Nonsuicidal self-injury (NSSI) is a deliberate and repetitive self-harmful act aimed at destroying one’s own body. Common NSSI behaviors include cutting, carving skin, burning skin, or deliberate fracture. Sometimes, self-injuries can be easily hidden or regarded as accidents, such as lip biting, falling, or kicking the edge of furniture. NSSI has been increasing rapidly in adolescents and young adults in South Korea in recent years. In 2018, the Korean Ministry of Education conducted a nationwide survey of middle and high school students’ emotional and behavioral characteristics. For the question “Have you ever engaged in self-harm?” 4,055 out of 513,710 middle school students (7.9%) answered they had some experience of self-harm. Next, out of 452,107 high school students, 20,906 (6.4%) had experienced a lower percentage than middle school students [1]. Self-harm is spreading like a virus. Social networking services are increasingly showing pictures and videos containing scenes with self-injury. In psychiatric clinics, more cases of self-harm are being reported than in the past. Even if there is no suicide intention, scarring creates cosmetic problems, and repeated self-injuries may lead to serious suicidal behavior [2]. Therefore, understanding the epidemiology and psychopathology of self-injurious behavior is important for its prevention and treatment.

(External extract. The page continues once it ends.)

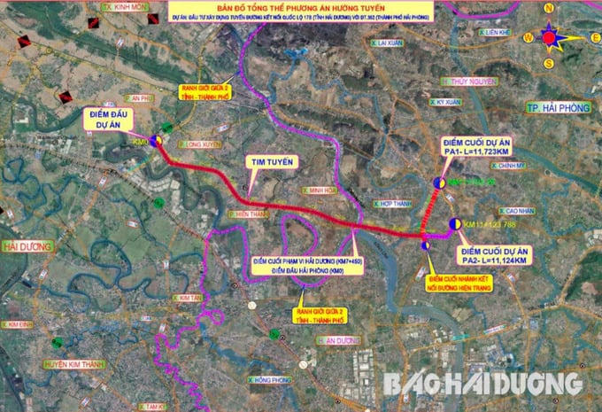 Theo đó, dự án có điểm đầu kết nối Quốc lộ 17B khoảng Km12+500, điểm cuối nối đê hữu sông Kinh Thầy (tại khoảng Km47+050), khớp nối với địa điểm quy hoạch xây dựng cầu vượt sông Kinh Thầy (do tỉnh Hải Dương và TP. Hải Phòng hợp tác đầu tư).

Thus, the study on validation of the Korean version of the Inventory of Statements about Self-Injury (ISAS) in this issue of Psychiatry Investigation is meaningful for understanding the psychopathology of NSSI in Korean young adults [3]. The first section of the ISAS measures the lifetime frequency of 12 NSSI behaviors (e.g., burning, cutting, and carving) performed intentionally without suicidal intent. They are scored as 0, 1, 2, or 3 based on the frequency distribution of each self-injurious behavior. The second section of the ISAS consists of 39 items that assess 13 NSSI functions, such as affect regulation and autonomy, which diverges into two superordinate categories: intrapersonal function and interpersonal function. The second section is rated on a scale from 0 to 2 according to the respondent’s experience of NSSI functions. According to the study, the frequency of NSSI behavior has a positive correlation with suicidal ideation and a negative correlation with resilience. The study demonstrated good internal consistency and temporal stability of the Korean version of the ISAS.

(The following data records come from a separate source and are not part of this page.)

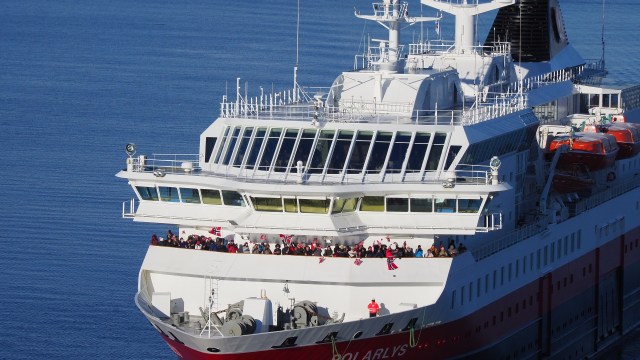 Am Nachmittag, wieder auf dem Schiff, kommen die Berge sehr nahe und unser Kapitän fädelt das Schiff in Zentimeterarbeit durch den engen Raftfjord. Da ist unser Lieblingsplatz natürlich im Panorama Salon mit Rundumsicht.
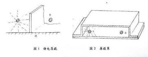 屏蔽方法:將一塊金屬板置于兩個被屏蔽的電路中間,并使各金屬板與地作電氣連接,如圖1所示。這樣從一點發出的電力線均被屏蔽板擋住,即起到靜電屏蔽作用。
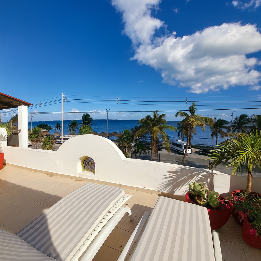 Espectacular Penthouse ubicado en condominio privado frente a la playa ⛱️ y el mar 🌊 (Cruzando la calle está la Playa El Niño). Cuenta con un nivel completo privado, con una piscina, camastros y mesita con sillas desde donde se ve la playa y el mar Caribe. Ideal para disfrutar del Caribe alejados del turismo masificado, pero a su vez muy bien conectados para disfrutar de las mejores playas, restaurantes y excursiones en la Riviera Maya. Incluye el servicio de Concierge privado gratuito.

On the other hand, self-harming behaviors are likely to be craving, so it is necessary to evaluate aspects of behavior addiction [4]. The fact that self-injury is addictive has been observed and reported in patients. Self-harmful behavioral addiction can be explained using neurobiological or psychological mechanisms. If self-harming behaviors are addictive in some cases, it is reasonable to think that compromised functioning of the brain’s motivational systems, including the mesocortical dopamine reward system and the endogenous opioid systems, has occurred [5]. This is relevant because if some individuals’ self-harming behaviors are better conceptualized as an addiction, then treatment approaches can be tailored to this addiction. However, ISAS does not assess addiction aspects in self-injury. Research and practical measures are needed to prevent rapidly spreading self-harming behaviors in our society.